* _Exercise requirements_:
No pictures in the copy. Write out the listing below exactly.
═══ Data provided ═══
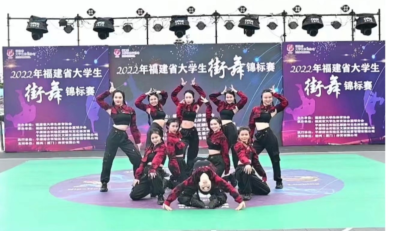 5月27日-29日,由福建省大学生体育协会主办的“2022年福建省大学生街舞锦标赛”总决赛在平潭落下帷幕。诚毅学院代表队由教练员连瑞华、陈根炎带队参加。诚毅学院代表队17名队员共取得了规定组Street Jazz一等奖,规定组Locking一等奖,规定组Hippop二等奖以及原创齐舞三等奖;管理系陈子航同学在竞争激烈的斗舞中,经过6轮Battle,最终荣获1V1 Breaking斗舞亚军的佳绩。
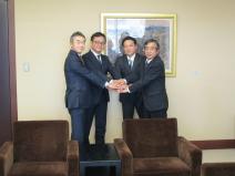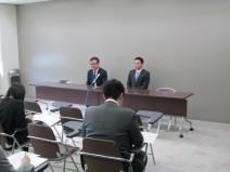進出報告会(左から新潟市高橋副市長、篠原代表取締役社長、増田QAサポート部GM、新潟県佐久間副知事)
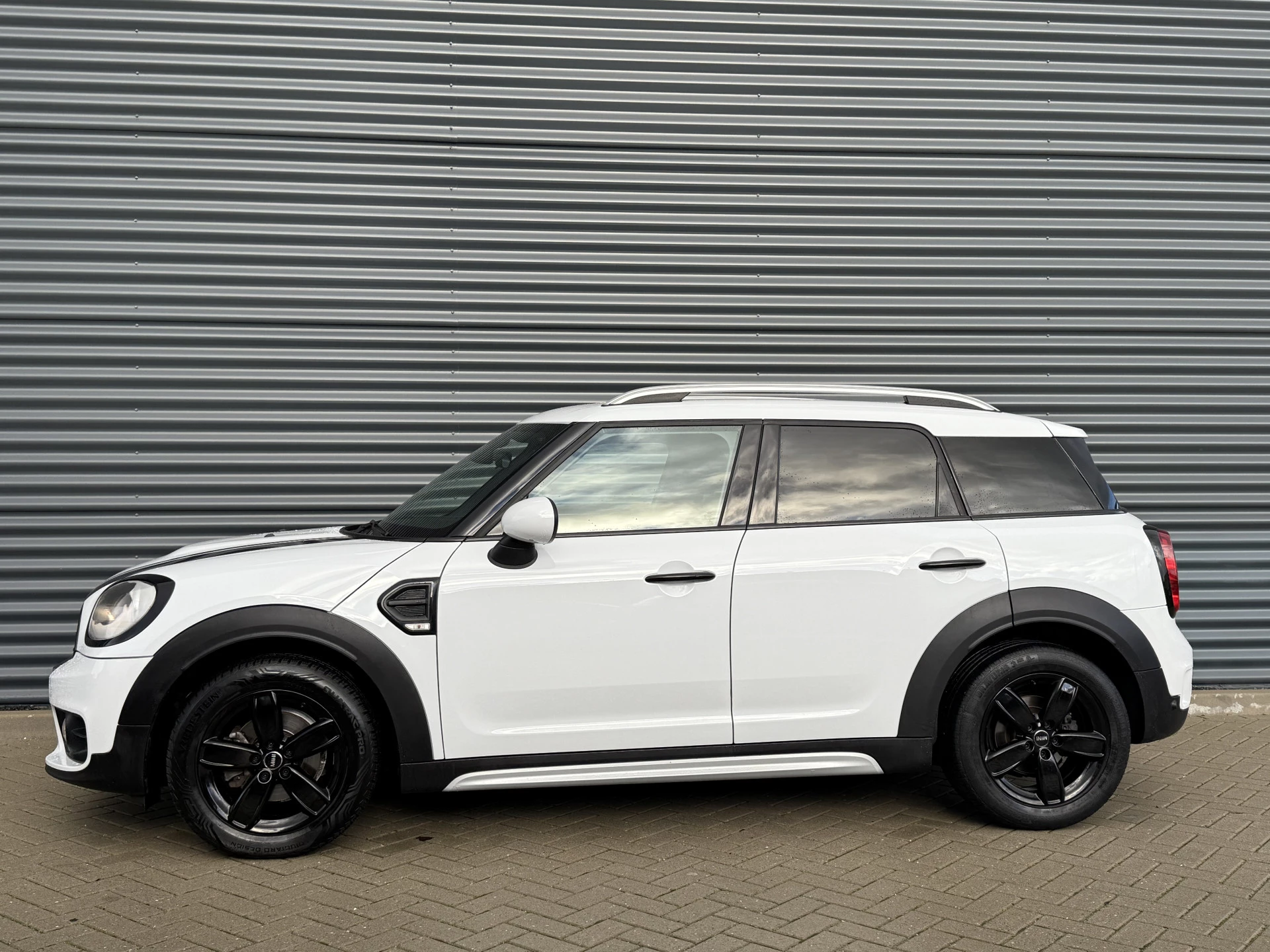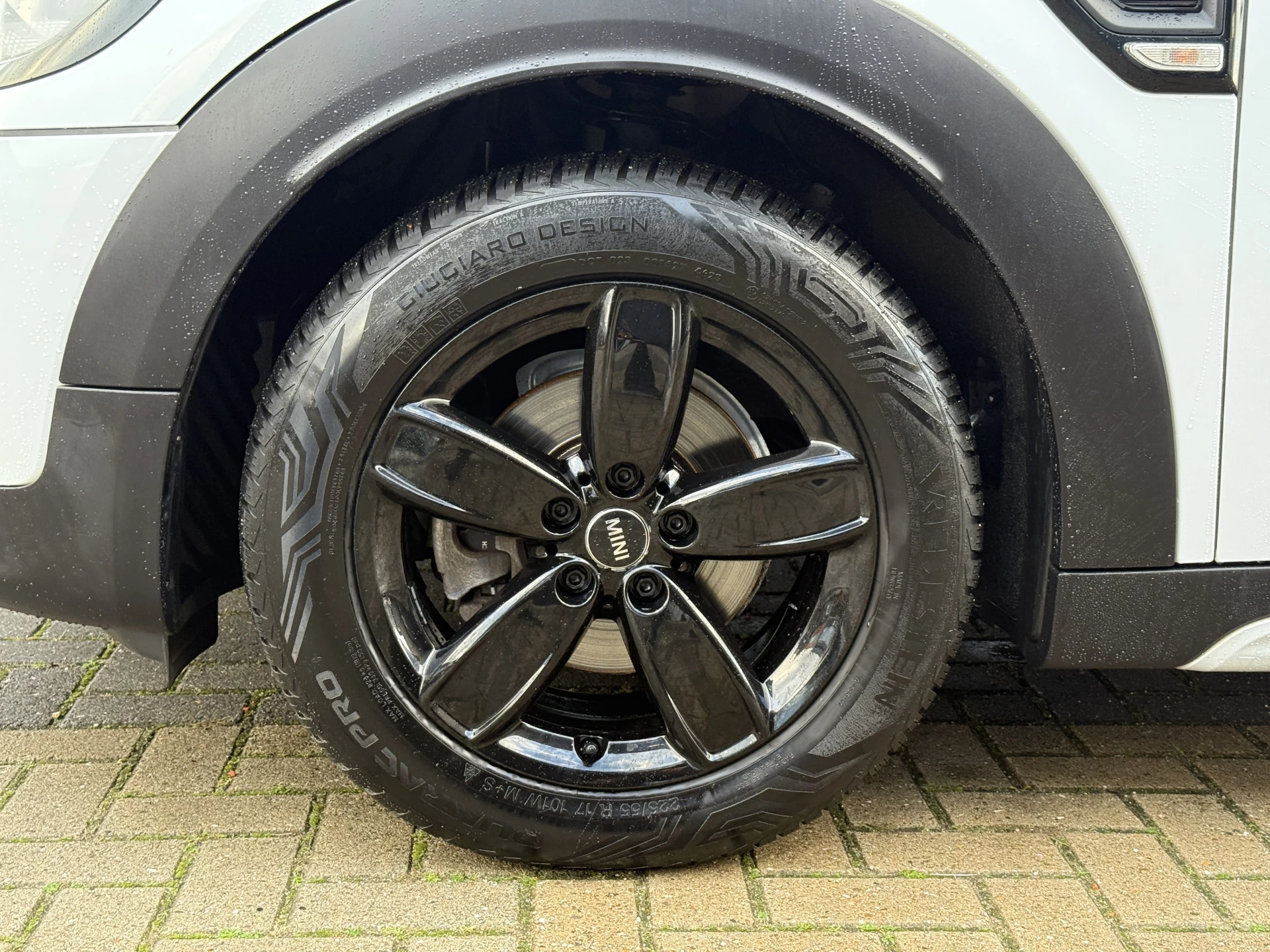 Schitterende Mini Countryman met hoogglans zwarte licht metalen velgen en Black Optic pakket.
═══
* _Expected output_:
 5月27日-29日,由福建省大学生体育协会主办的“2022年福建省大学生街舞锦标赛”总决赛在平潭落下帷幕。诚毅学院代表队由教练员连瑞华、陈根炎带队参加。诚毅学院代表队17名队员共取得了规定组Street Jazz一等奖,规定组Locking一等奖,规定组Hippop二等奖以及原创齐舞三等奖;管理系陈子航同学在竞争激烈的斗舞中,经过6轮Battle,最终荣获1V1 Breaking斗舞亚军的佳绩。
進出報告会(左から新潟市高橋副市長、篠原代表取締役社長、増田QAサポート部GM、新潟県佐久間副知事)
 Schitterende Mini Countryman met hoogglans zwarte licht metalen velgen en Black Optic pakket.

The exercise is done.